(Collected data begins)

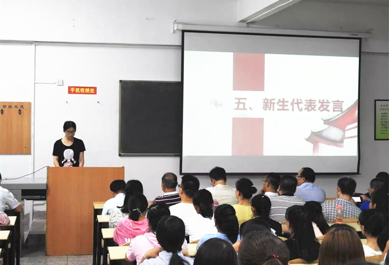 师新民最后讲话,表达了对2018级新同学的热烈欢迎和祝贺,并简要介绍了学校发展概况和学院师资队伍、科学研究、学生工作等相关内容,希望大家在今后处理好通识教育与专业教育、课内教育与课外教育、共性教育与个性教育等三个关系,多读书、懂感情、重集体、爱国家,丰富大学生活,铸就人格魅力,培养思辨能力和批判精神,强化独立见解和解决问题的能力。
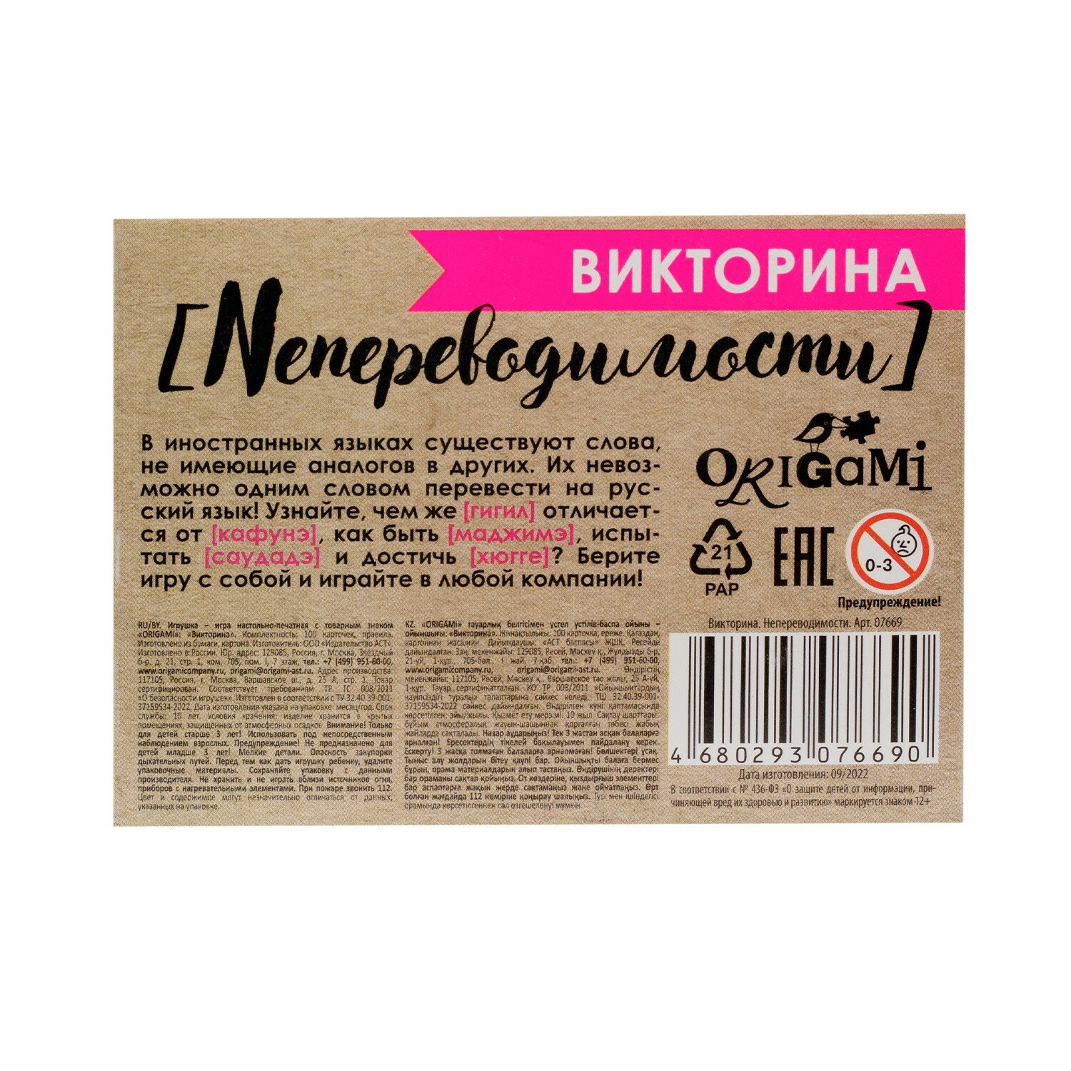 Игра настольная Викторина. Непереводимости ОРИГАМИ
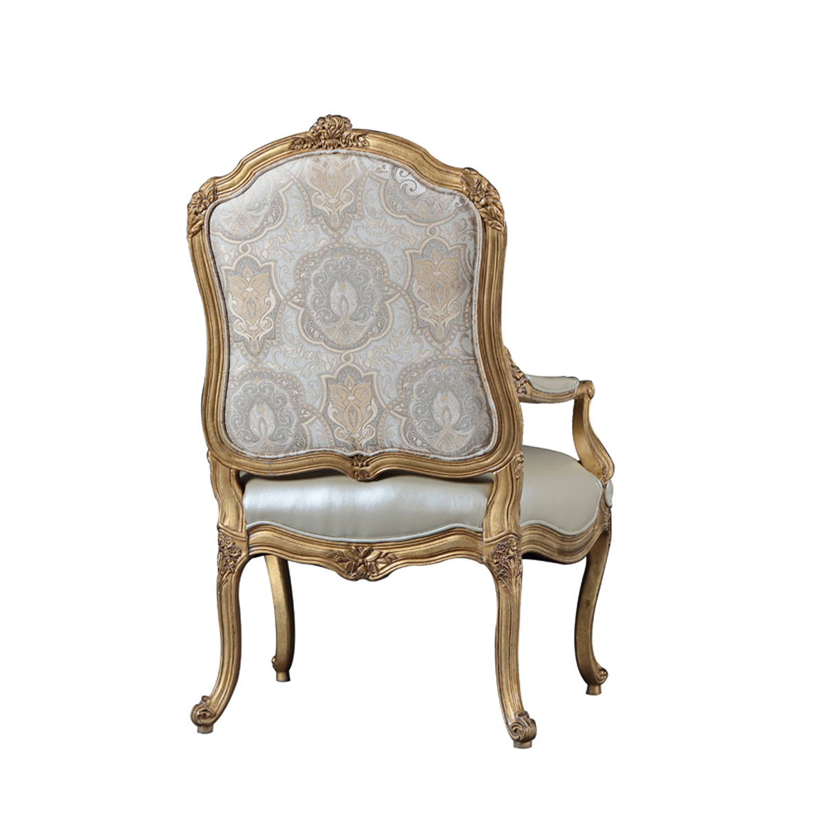 参考18世纪法国路易十五时期经典的法式 Bergère 椅设计 ﹣多以婀娜的 Camelback Silhouette(驼峰轮廓)和外露的木框架表达;并配上细致的卷叶雕刻工艺、触感舒适的布艺、法式经典弯脚和金箔描金工艺,释放法式浪漫情怀。
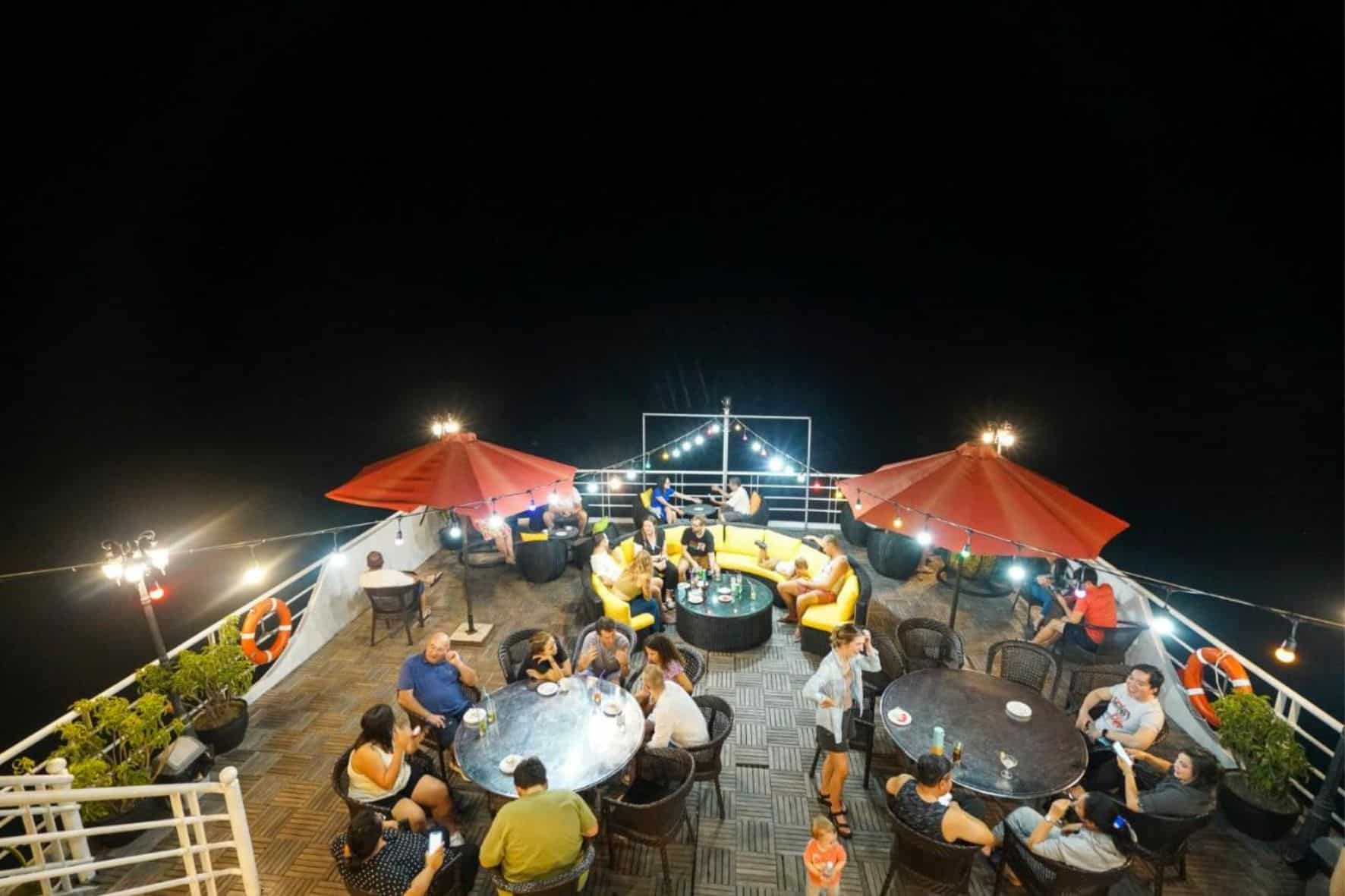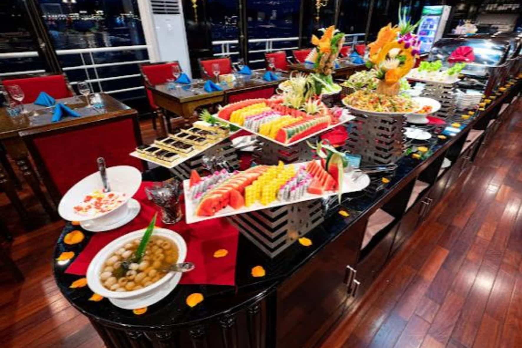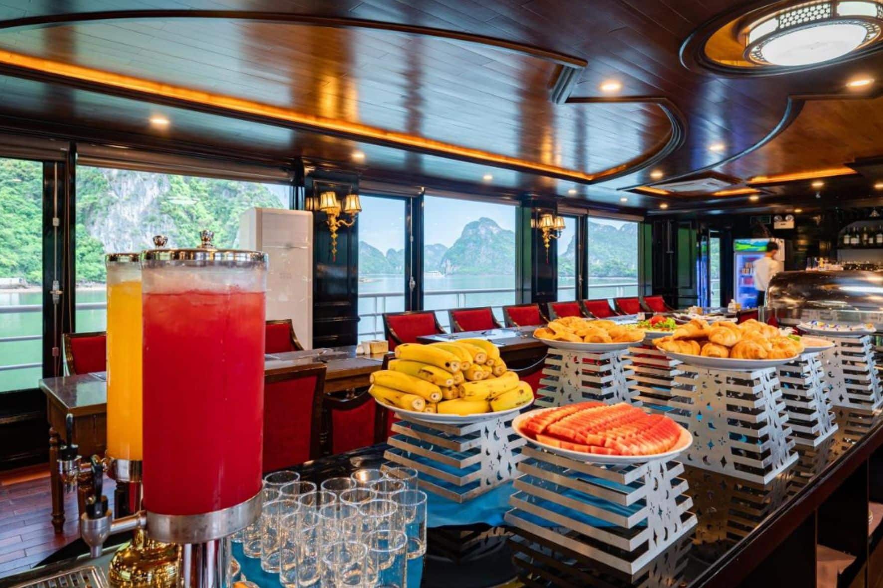 除兒童礦泉水,粥和牛奶外,請勿攜帶食物或飲料上船。若帶上船,依船上規定需加收以下附加費:烈酒:500,000 VND/1瓶,葡萄酒:350,000 VND/1瓶,鄉村酒:300,000越南盾/1公升,罐裝:20,000越南盾/1罐

(Collected data ends)

I would like you to set down the lines above, from the one containing "Игра настольная Викторина." to the final line, exactly as written and without pictures.

 Игра настольная Викторина. Непереводимости ОРИГАМИ
 参考18世纪法国路易十五时期经典的法式 Bergère 椅设计 ﹣多以婀娜的 Camelback Silhouette(驼峰轮廓)和外露的木框架表达;并配上细致的卷叶雕刻工艺、触感舒适的布艺、法式经典弯脚和金箔描金工艺,释放法式浪漫情怀。
 除兒童礦泉水,粥和牛奶外,請勿攜帶食物或飲料上船。若帶上船,依船上規定需加收以下附加費:烈酒:500,000 VND/1瓶,葡萄酒:350,000 VND/1瓶,鄉村酒:300,000越南盾/1公升,罐裝:20,000越南盾/1罐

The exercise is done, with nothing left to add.